Kotlin 🐈

Kotlin is compiled to Java bytecode, which provides the backward compatability. When wishing to see Kotlin in real-life use J2K converter can be used to convert part of source code into Kotlin. Another way is to start writing unit tests in Kotlin.

Kotlin standard library is just Java standard library and a bunch of extensions that provides very smooth interoperability between Java code and Kotlin code.

In IntelliJ we can use the Show Kotlin bytecode + Decompile features to see the Java alternative for the Kotlin code.

Reference on Kotlin conventions

• Kotlin for Java developers course part
• Kotlin coding conventions

Kotlin roadmap

• Kotlin roadmap

class / object

Modifiers

We can declare constants with const modifier, and it's going to be substituted with the value on the JVM level. It works only for primitive types.

modifier	explanation
final	cannot be overridden (is sed by default)
open	can be overridden
abstract	must be overridden (can't have implementation)
override	overrides a member in a superclass or interface (mandatory)

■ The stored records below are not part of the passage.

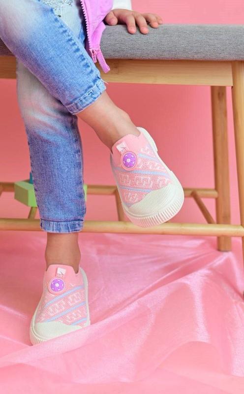 Розовые текстильные мокасины. Хорошо держатся на ножках, не слетаются-идеально в садик брать. Размеры: 23, 24, 25.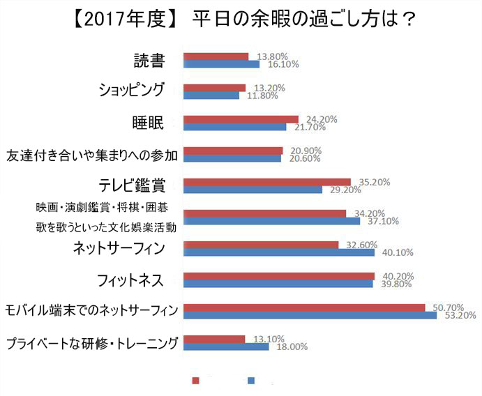 生活に対する満足度や幸福感が高いことについて、生活の質(zhì)に対して明確なニーズを抱いている大學(xué)生は、自分の望むライフスタイルを送るという目的に向けて、自分自身を高め、「充電」し続ける努力を怠っていない。同報告によると、大學(xué)生の1日の余暇時間について、「3-4時間」が最も多く、「3-5時間」の余暇時間を確保している大學(xué)生の割合は、他の世代よりかなり高かった。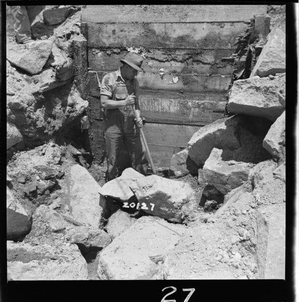 Dam 1. Photo #1 showing cribbing discovered during excavation for West 42" pipe at upper end adjacent to existing concrete.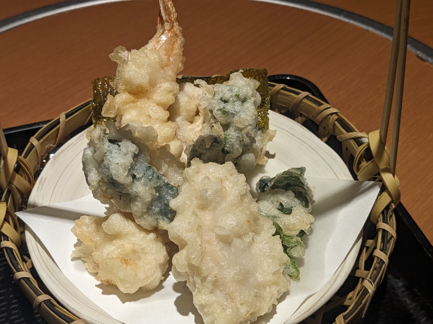 野菜天ぷらです。中身はナス、レンコン、ししとう、かぼちゃ、海苔です。
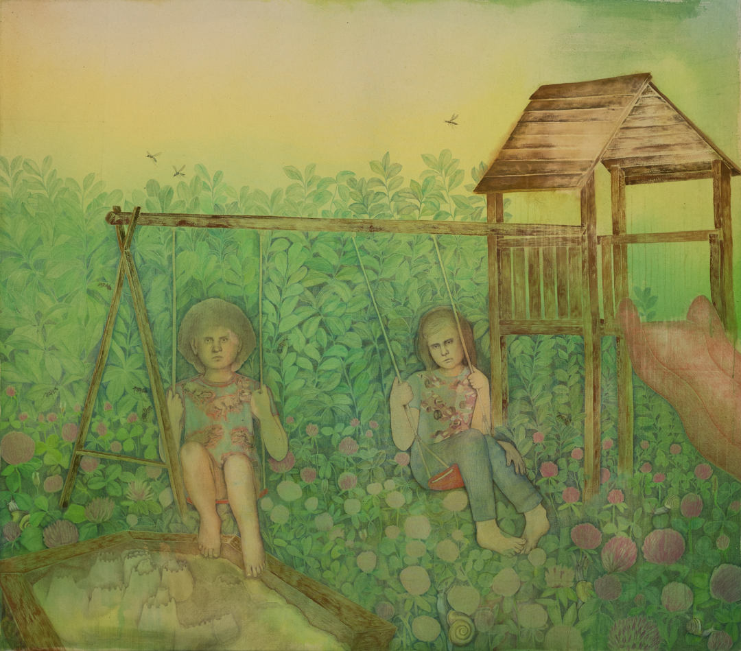In diesen Bildwelten wimmelt es: Insekten schwirren, Igel krabbeln, und ein leiser Moment von Unbehagen zieht sich durch die Szenerie. Hasers formal gegenständliche Arbeiten entziehen sich jeder logischen Ordnung. Verborgene Details verharren still, warten darauf, entdeckt zu werden – Spuren von Präsenz, Fragmente des Selbst.

modifier	class member	top-level declaration
public	visible everywhere	visible everywhere
internal	visible in the module	visible in the module
protected	visible in subclasses (only)	–
private	visible in the class	visible in the file

kotlin modifier	jvm level
public	public
protected	protected
private	private / package private
internal	public & name ruining

enum class

In kotlin enum is a modifier for classes to create enumerations

data class

Generates equals, hashCode, copy, toString

equals and reference equality

In kotlin == calls equals. There is also === operator which checks reference equality. Bare class eqauls uses reference equality check.

val set1 = setOf(1, 2, 3)
val set2 = setOf(1, 2, 3)

set1 == set2 // true
set1 === set2 // false

We can still exclude props from the basic methods in a data classby moving them outside the primary constructor.

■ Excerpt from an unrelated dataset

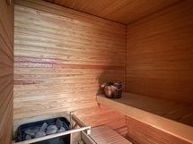 Kylpyhuone 2: Allastaso- ja kaappi, suihku, wc, pyyhekuivain ja sauna.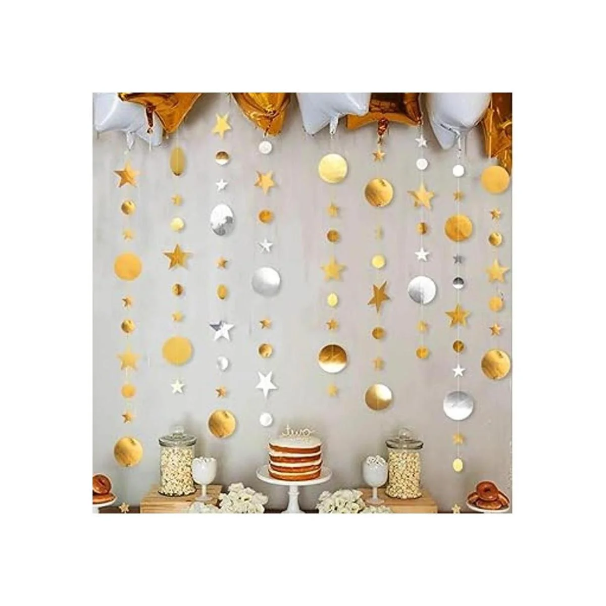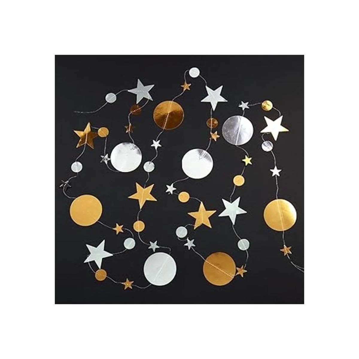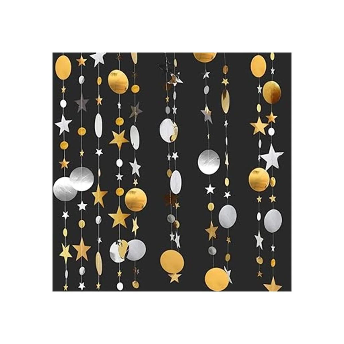 Diseño único: el diseño combinado de oro metálico y plata hacen que esta guirnalda sea tan bonita y única, hermosa combinación de estrellas y círculos con brillo metálico, múltiples formas de estrellas y círculos brillantes en varios tamaños, hacen una fiesta completamente diferente para ti.

data class User(val email: String) {
    val nickname: String? = null
}

sealed class

Restricts class hierarchy, all subclasses must be located in the sames file.

Class delegation with by

We can delegate methods from one class another. We don't need to write boilerplate code for it.

interface Printer {
    fun printMessage(message: String)
}

class ConsolePrinter : Printer {
    override fun printMessage(message: String) {
        pirntln(message)
    }
}

class PrinterManager(printer: Printer) : Printer by printer

fun main() {
    val consolePrinter = ConsolePrinter()
    val manager = PrinterManager(consolePrinter)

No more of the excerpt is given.